Unfortunately, I’ve no clue what sort of experiment might distinguish between a real dimension and an imaginary one, if such is even meaningful, so the distinction must remain on paper for now.
The way I see it, it doesn’t matter whether you have real time with imag distance or imag time with real distance. Asking which one is really real, to me, is like asking how do we know that what we call matter isn’t really anti-matter and what we call anti-matter is really matter. It doesn’t matter. <sorry> If you want to take seconds, say, as your fundamental unit and define a light-second as i seconds, umm… OK, sure. I don’t see the difference. You said that, WRT equations, the imag axis is symmetric and the real is not. That is only true if you confine your coefficients to real values. If you allow complex coefficients, the asymmetry vanishes.
See if this makes any sense. Since complex numbers can be put in a one to one correspondence with points in a plane, every statement about complex numbers is a statement about points in a plane. Statements in complex algebra are statements in geometry and visa versa. Geometry shows no preferred direction while complex numbers seem to have an asymmetry about the real axis. This apparent asymmetry arises because, in order to go from geometry to algebra, we must choose some point and call it Origin, and some direction and call it real. From the perspective of geometry, the choice is arbitrary and there is no asymmetry. The asymmetry is created for you convenience – to allow a change in notation, but it is not real. Nothing in geometry can tell you which direction is real, so I would say no physical experiment could distinguish either.
I’ve seen quaternions mentioned several times. (Isn’t i j = k, j k = i, and k i = j, or something?) I never really looked at them though. Maybe I’ll play around with them.

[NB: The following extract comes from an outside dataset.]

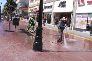Con una cobertura en atención del primer cuadro de la ciudad de 22 horas al día, los siete días de la semana, personal de la dependencia, trabaja de forma permanente en tener el Centro Histórico de la capital del estado limpio con acciones como barrido manual, barrido mecanizado, recolecta de cepos, lavado a presión, entre otros.

Calculating in imaginary time is just a math trick towards calculating real time. Actually the real time may just be our perception of time and the imaginary time might indeed be the real time. Hawking was looking in applying Feynmann’s sum over histories to Einstien’s view on gravity. Taking curved space-time into imaginary/ rectangular time is/was just a trick to make the calculation of probability. Then again Hawking was looking at imaginary time as a different way to look at the (proposed Big Bang) inflationary model of the Universe.